PROBLEM STATEMENT ->
Pull out every line from the line containing "Zemička sa susamom, govedina" through the end of the material, both ends included, and reproduce it exactly. Keep pictures out.

ENTRIES SUPPLIED ->
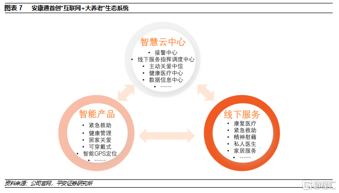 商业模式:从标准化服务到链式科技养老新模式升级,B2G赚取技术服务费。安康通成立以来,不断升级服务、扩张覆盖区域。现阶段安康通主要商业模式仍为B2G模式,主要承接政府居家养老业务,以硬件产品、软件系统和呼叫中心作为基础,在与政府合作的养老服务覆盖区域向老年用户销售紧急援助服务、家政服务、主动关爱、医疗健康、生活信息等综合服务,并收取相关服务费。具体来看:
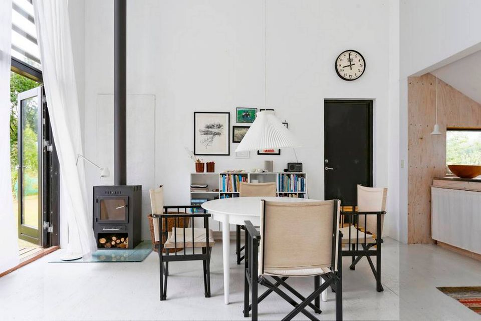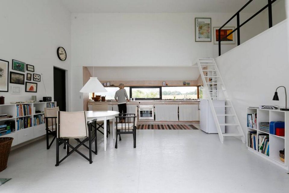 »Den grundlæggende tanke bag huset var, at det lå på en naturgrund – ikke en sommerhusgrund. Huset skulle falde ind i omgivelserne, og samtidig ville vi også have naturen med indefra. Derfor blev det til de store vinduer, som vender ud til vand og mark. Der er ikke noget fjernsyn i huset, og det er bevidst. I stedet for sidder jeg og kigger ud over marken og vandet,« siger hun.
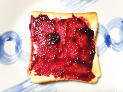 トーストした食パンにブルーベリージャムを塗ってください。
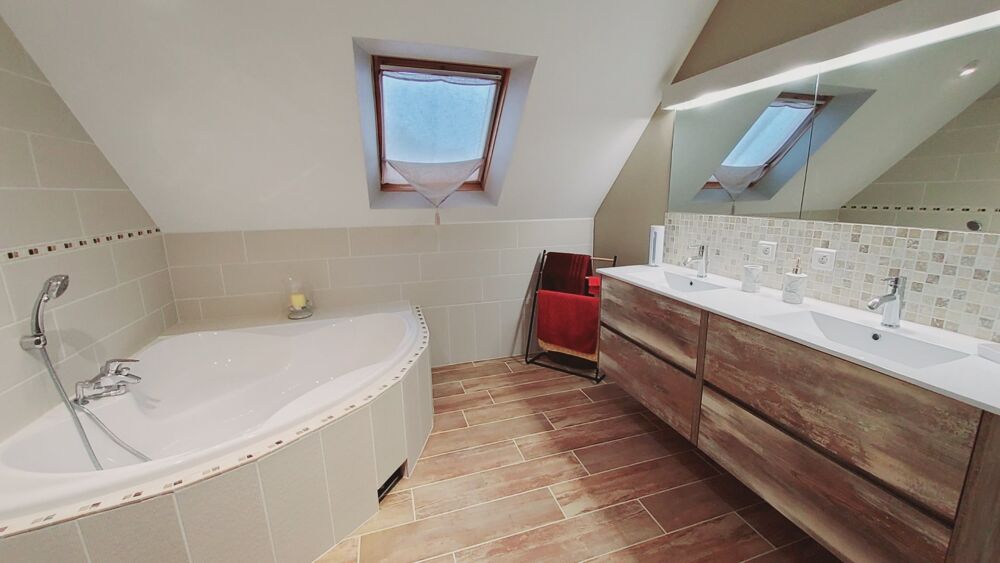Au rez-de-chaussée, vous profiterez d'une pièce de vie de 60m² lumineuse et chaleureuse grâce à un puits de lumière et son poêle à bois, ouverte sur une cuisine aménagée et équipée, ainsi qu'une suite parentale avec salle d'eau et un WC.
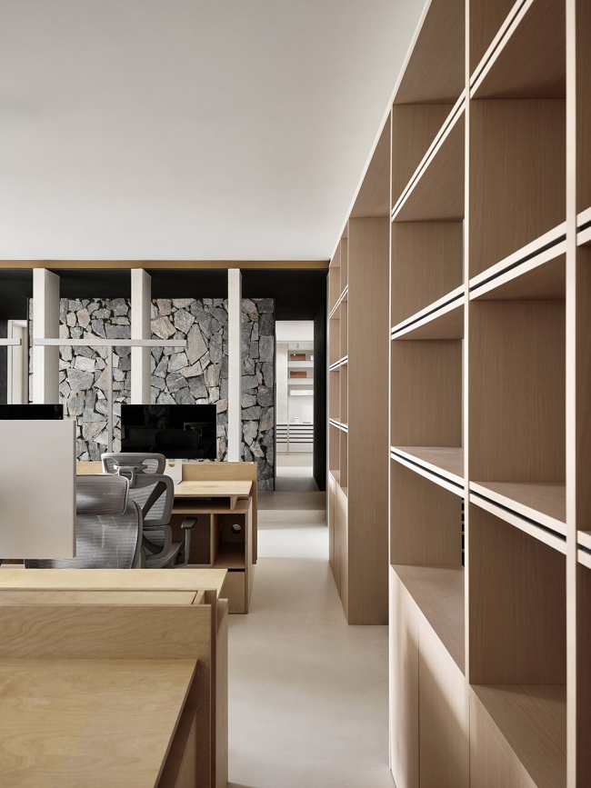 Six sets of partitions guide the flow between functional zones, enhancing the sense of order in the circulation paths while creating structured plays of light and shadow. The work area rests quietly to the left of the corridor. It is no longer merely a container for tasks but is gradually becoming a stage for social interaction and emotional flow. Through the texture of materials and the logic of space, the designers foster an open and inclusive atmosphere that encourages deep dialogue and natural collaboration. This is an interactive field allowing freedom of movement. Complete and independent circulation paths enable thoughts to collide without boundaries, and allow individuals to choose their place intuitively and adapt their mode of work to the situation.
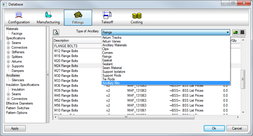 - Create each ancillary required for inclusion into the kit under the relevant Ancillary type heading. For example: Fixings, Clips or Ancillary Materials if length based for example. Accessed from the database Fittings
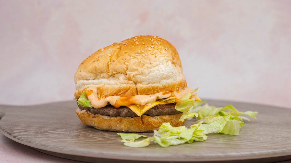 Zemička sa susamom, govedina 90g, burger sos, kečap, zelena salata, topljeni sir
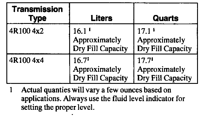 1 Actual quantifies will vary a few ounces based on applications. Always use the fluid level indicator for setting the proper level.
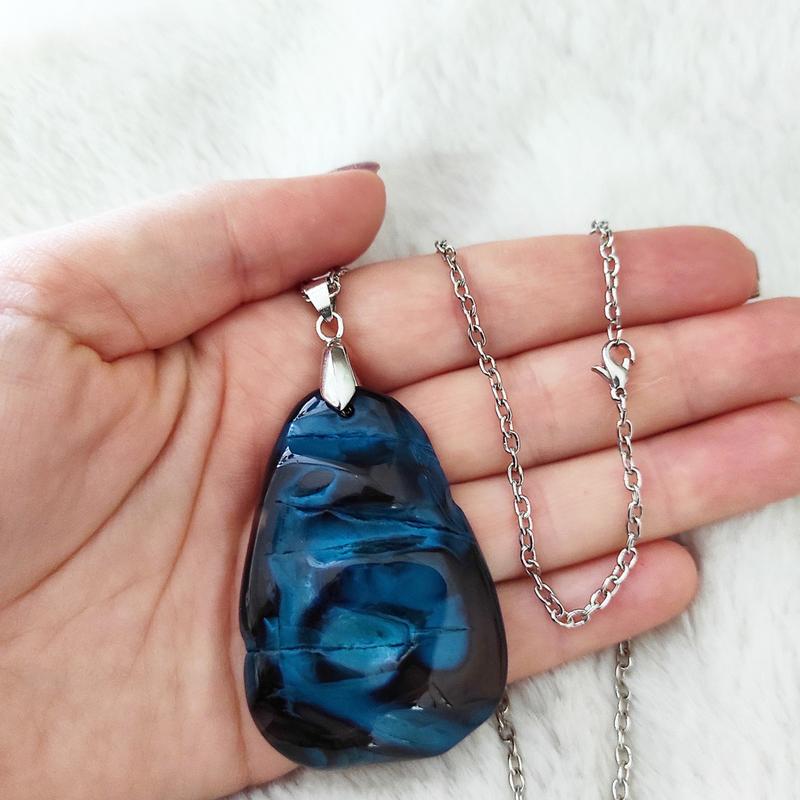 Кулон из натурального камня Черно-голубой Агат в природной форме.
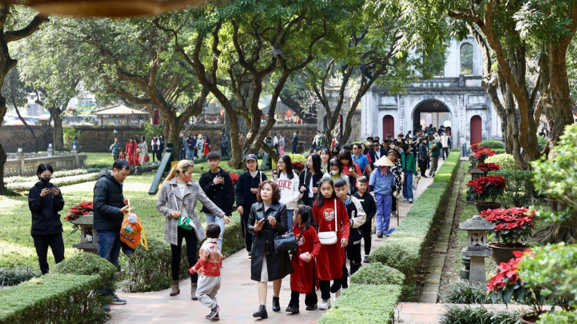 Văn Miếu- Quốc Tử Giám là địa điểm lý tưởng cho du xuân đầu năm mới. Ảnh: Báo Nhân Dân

EXERCISE ANSWER ->
 Zemička sa susamom, govedina 90g, burger sos, kečap, zelena salata, topljeni sir
 1 Actual quantifies will vary a few ounces based on applications. Always use the fluid level indicator for setting the proper level.
 Кулон из натурального камня Черно-голубой Агат в природной форме.
 Văn Miếu- Quốc Tử Giám là địa điểm lý tưởng cho du xuân đầu năm mới. Ảnh: Báo Nhân Dân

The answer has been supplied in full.